Potsdamer Neueste Nachrichten 24.11.07
Potsdam/Berlin -
Berlin und Brandenburg wollen trotz der auf Eis gelegten Fusion enger
kooperieren. Das werden der Regierende Bürgermeister Klaus Wowereit und
Regierungschef Matthias Platzeck (beide SPD) beschwören, wenn kommenden
Dienstag im Roten Rathaus die beiden Kabinette nach längerer Pause erstmals
wieder gemeinsam tagen. Aber der berlin-brandenburgische Alltag sieht oft
anders aus. Das zeigt ein Fall aus Kleinmachnow. Schauplatz ist die
Steinweg-Grundschule: Der Klasse 4c wird sich am 3. Dezember eine neue
Klassenlehrerin vorstellen. Es ist in diesem Halbjahr bereits ihre vierte
Lehrerin. Der Grund: Die erste ging in Pension. Es folgten zwei Lehrerinnen,
die aber kurz nach Dienstantritt wegen lukrativerer Jobs außerhalb des Landes
die Schule wieder verließen. Die letzte, nur befristet angestellt, wechselte
nach nur drei Wochen an eine Schule in Berlin. Dort bekam sie einen
unbefristeten Job.
Das schlägt vor Ort hohe Wellen. Empörte Eltern wollten sich nicht damit
abfinden, dass ihre Kinder keinen strukturierten Unterricht erhielten – und
schlugen mit einem offenen Brief an Platzeck Alarm. Zwar wurde „jetzt eine
Lösung gefunden“, wie der zuständige Schulrat Jürgen Krause vom Staatlichen
Schulamt in Brandenburg bestätigte. Eine Lehrerin werde dauerhaft eingestellt.

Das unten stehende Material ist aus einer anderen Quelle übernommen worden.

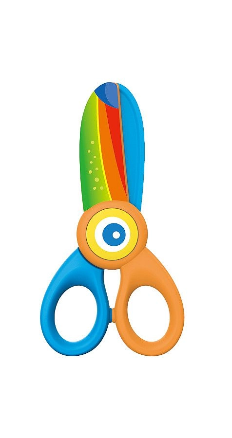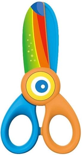 Foarfecă veselă și sigură pentru cei mici, cu motiv Tucan și lungime de 12,5 cm. Are execuție din plastic, vârf rotunjit și construcție de siguranță fără lamă metalică, ideală pentru primele tăieri. Oferă priză confortabilă și este livrată pe blister.

Doch selbst die erleichterte Steinweg-Rektorin Brigitte Güllmar warnt: „Das
generelle Problem, das das Berliner Umland betrifft, ist nicht gelöst.“ Es müsse
gesichert werden, dass Kündigungen von Lehrern mitten im Schuljahr nicht
möglich sind, dass das Vergütungsgefälle geringer werde.
„Kleinmachnow ist nur die Spitze des Eisberges“, warnt auch GEW-Chef Gunter
Fuchs. „Die Tendenz wird zunehmen“, sagt auch Gerrit Große, Bildungsexpertin
der Linkspartei. Denn in Berlin sei der Lehrerjob besonders für Berufsanfänger
attraktiver, da anders als in Brandenburg die Stellen unbefristet sind und die
Vergütung besser ist: In Brandenburg hingegen seien die Stellen ohnehin
geringer dotiert, dazu nach Osttarif (92 Prozent) eingruppiert. Zusätzlich gebe
es oft auch nur Teilzeitjobs, weil das Land so Entlassungen vermeiden will.
Für die beiden Bildungsverwaltungen ist
Kleinmachnow dennoch nur ein „Einzelfall“, „eine Panne“, wie es übereinstimmend
hieß. Eigentlich sei seit einigen Jahren gewährleistet, dass Berlin – ohne
Freigabe Brandenburgs – mitten im Schuljahr keine Brandenburger Lehrer
einstelle. Die Zeit der Massenabwerbung nach Berlin sei lange vorbei. Und
Lehrerwechsel zum Ende der Schuljahre seien unproblematisch, da Brandenburg zu
viele Lehrer beschäftige und Personal abbauen wolle.
Das Land Berlin hat übrigens Erfahrung mit der Pädagogen-Abwanderung: Da es
Lehrer nicht mehr verbeamtet, wandern viele ab – allerdings Richtung Westen.